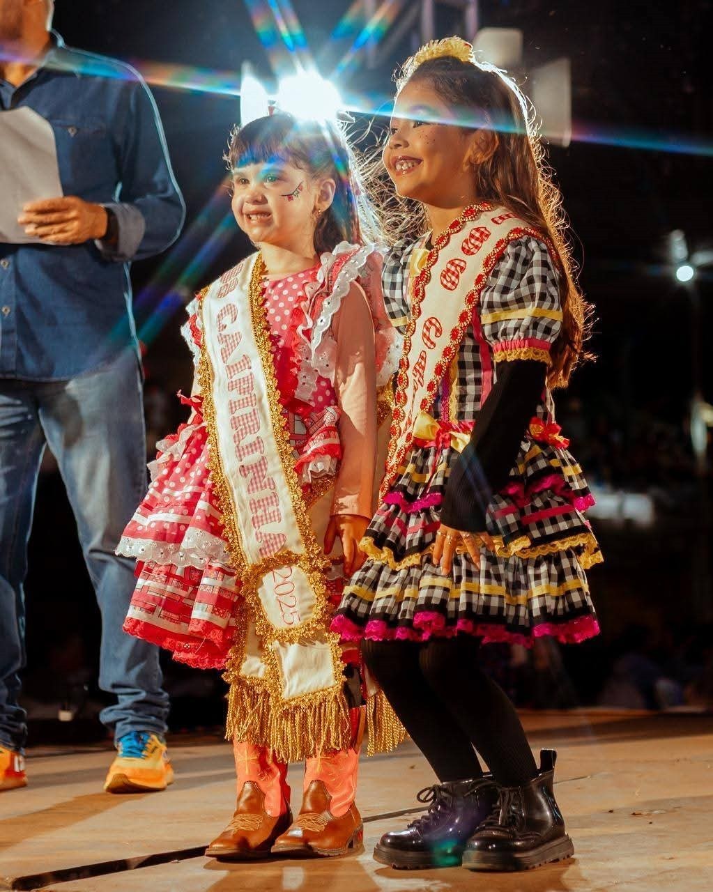 Na sequência, a Banda Evolução subiu ao palco, animando o público com muito forró. A noite também contou com um momento especial de homenagens, marcado pela apresentação da nova embaixadora de 2025.
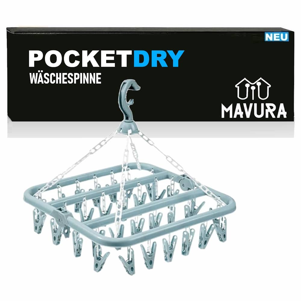 1 x MAVURA POCKETDRY, Praktische Wäschespinne zur Trocknung der Wäsche
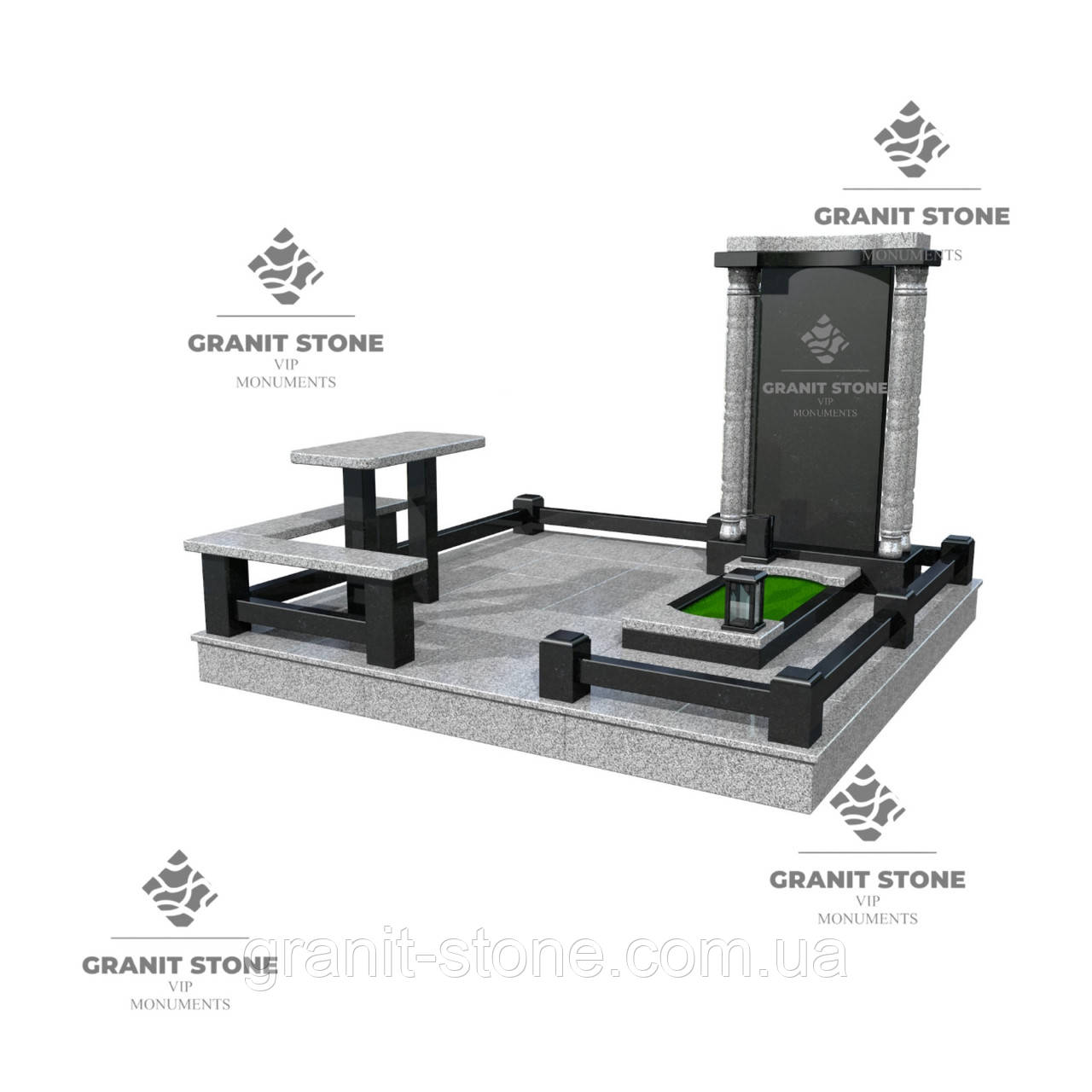Гранітний пам ятник з овальним фото з чорного та сірого граніту

• **Work request**:
For this exercise, return the material word for word and drop each image.

• **Answer box**:
 Na sequência, a Banda Evolução subiu ao palco, animando o público com muito forró. A noite também contou com um momento especial de homenagens, marcado pela apresentação da nova embaixadora de 2025.
 1 x MAVURA POCKETDRY, Praktische Wäschespinne zur Trocknung der Wäsche
Гранітний пам ятник з овальним фото з чорного та сірого граніту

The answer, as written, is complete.